Designing and decorating a care home requires more than simply keeping the surroundings convenient and neat. To keep everyone safe, happy, and content, there are tactics such as orientation, safety, and a warm homey feeling that must be a part of a care home design.
Keep reading to learn three tactics for a successful care home design.
Design Factors to Include for an Effective Care Home Environment
Ease of Movement
Making sense as we move through our immediate environment is crucial to mental health, wellness, and quality of life. For people living with dementia, with a reduction in memory or reasoning capabilities, it’s not uncommon for confusion to set in, which increases anxiety and that leads to a lower quality of life.
Therefore, you must ensure that cues are available to help people make sense of their surroundings. For instance, dementia affects a patient’s vision, thereby distorting patterns on fabrics or blurring the edges of chairs and tables.

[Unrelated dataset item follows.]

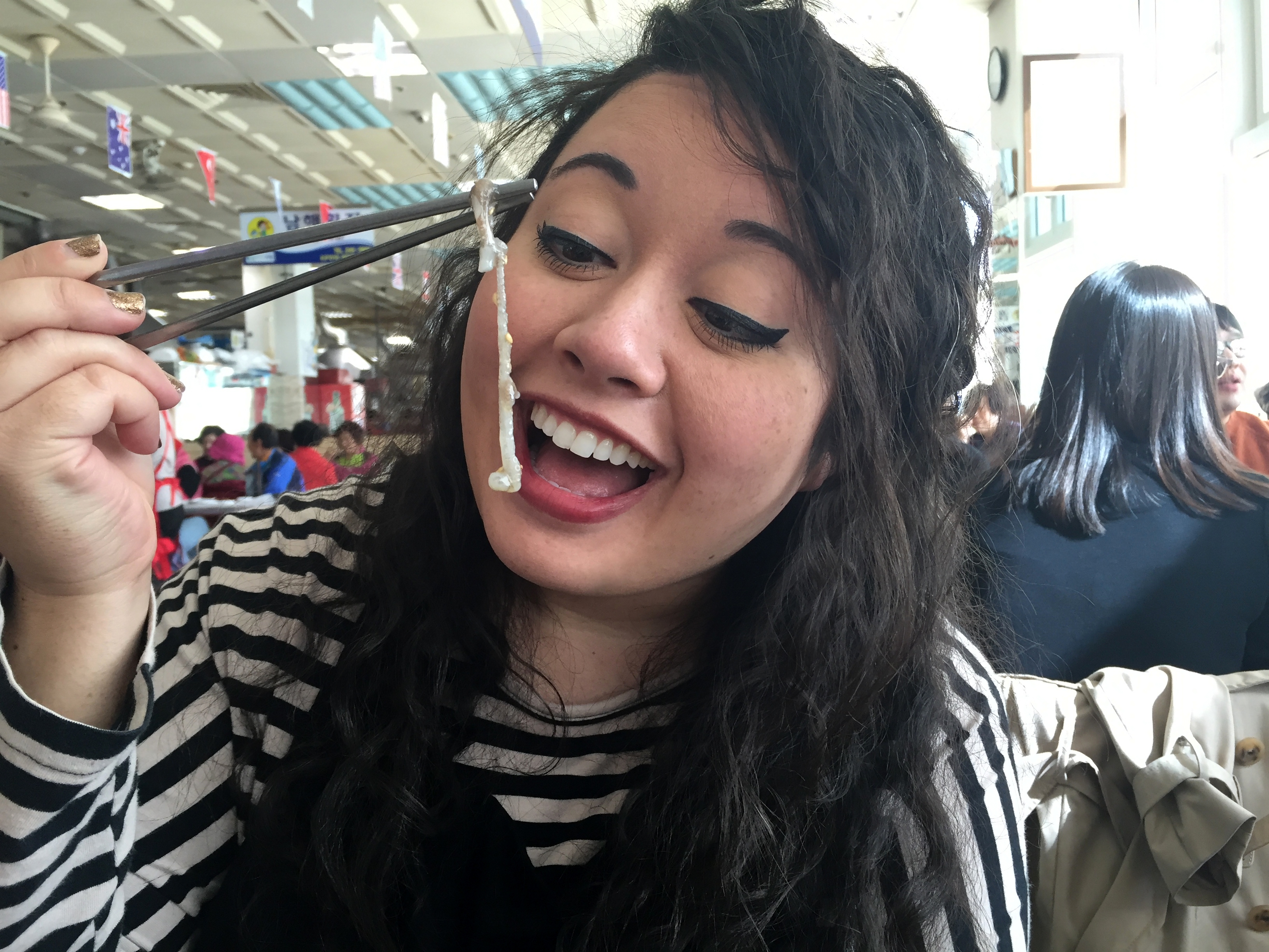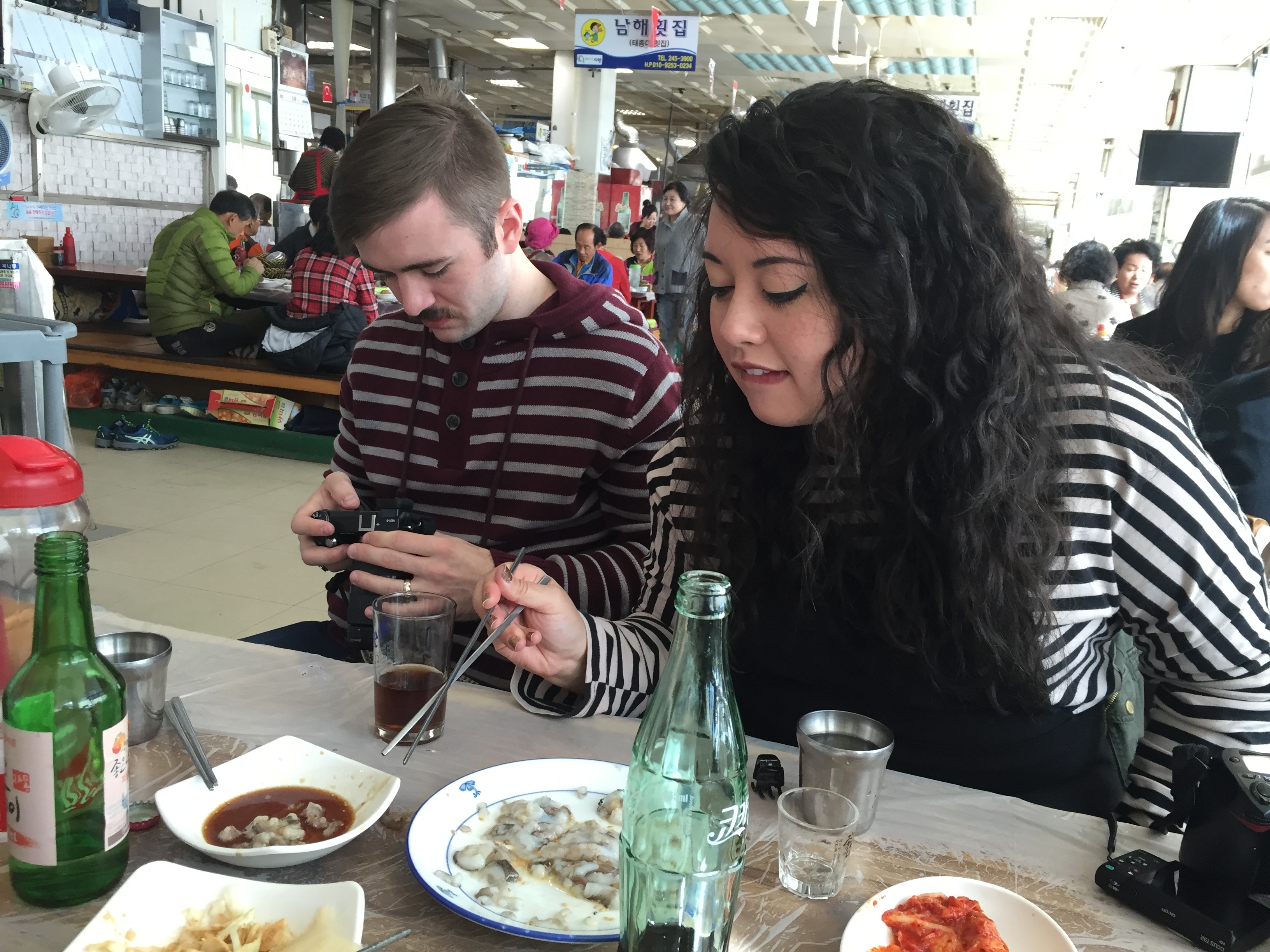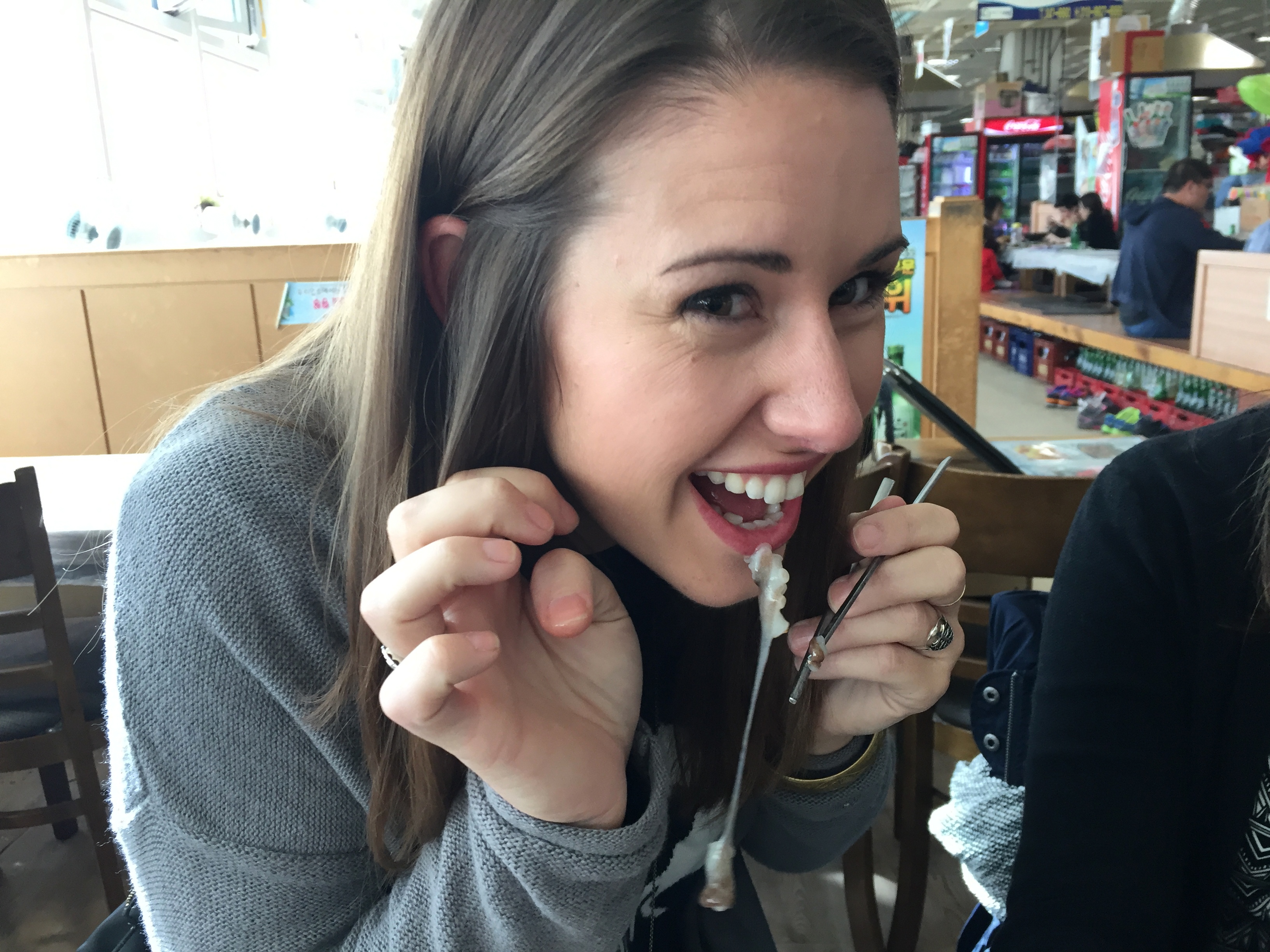 As I have previously mentioned, sea life frightens me. Knowing that we were going to actually eat in a market full of renegade squid (not an exaggeration – we watched one try to escape) made me panic more than just a little. Monica, Brent, and I quickly showed Emily the infamous “penis fish,” then made our way up to the eating area. I tried desperately to keep my cool. I abhor being loud in public places and did not want to make a show. Unfortunately, Brent’s hand got the brunt of my fear – I squeezed it so hard his wedding ring left painful, lasting indents in his pinky and middle fingers. Thanks for the support though, B. Oh, and thank you for ordering that bottle of soju. Liquid courage tastes delicious from time to time.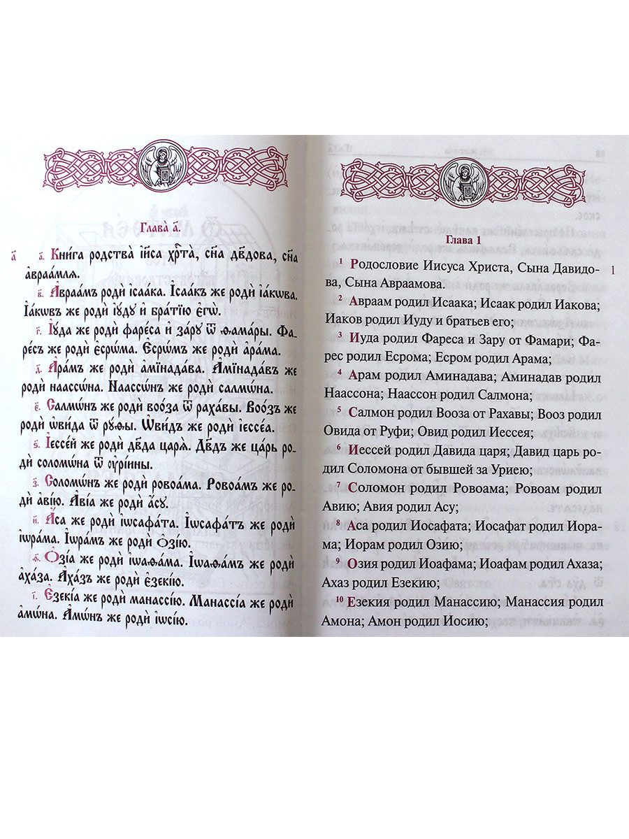 Святое Евангелие на церковнославянском языке сопровождается параллельным русским синодальным переводом. Это дает возможность глубже понять смысл Писания и облегчает восприятие церковнославянского текста. Сопровождение текста параллельными местами и удобный для чтения шрифт облегчат изучение Священного Писания, а благородное оформление и качественная печать позволяют изданию занять достойное место в любой библиотеке.

To help ease the anxiety, you must select items that enhance, not hinder the patient’s wellbeing. Here are some suggestions that are easily incorporated into any design.
- Begin by selecting furniture with no sharp edges.
- Next, choose the carpeting that contrasts with furniture and flooring to avoid confusion and tripping.
- Also, install easy-to-use openings for all wardrobes and drawers.
- Finally, employ a color scheme that provides relaxation and comfort in the personal rooms and use a brighter, more cheerful color scheme in the common social areas.
Mobility Safety Factors
Another big factor to consider in your design is whether or not the environment is safe to use for those with mobility restrictions. Of course, a large percentage of seniors use wheelchairs and other mobility aids to move around.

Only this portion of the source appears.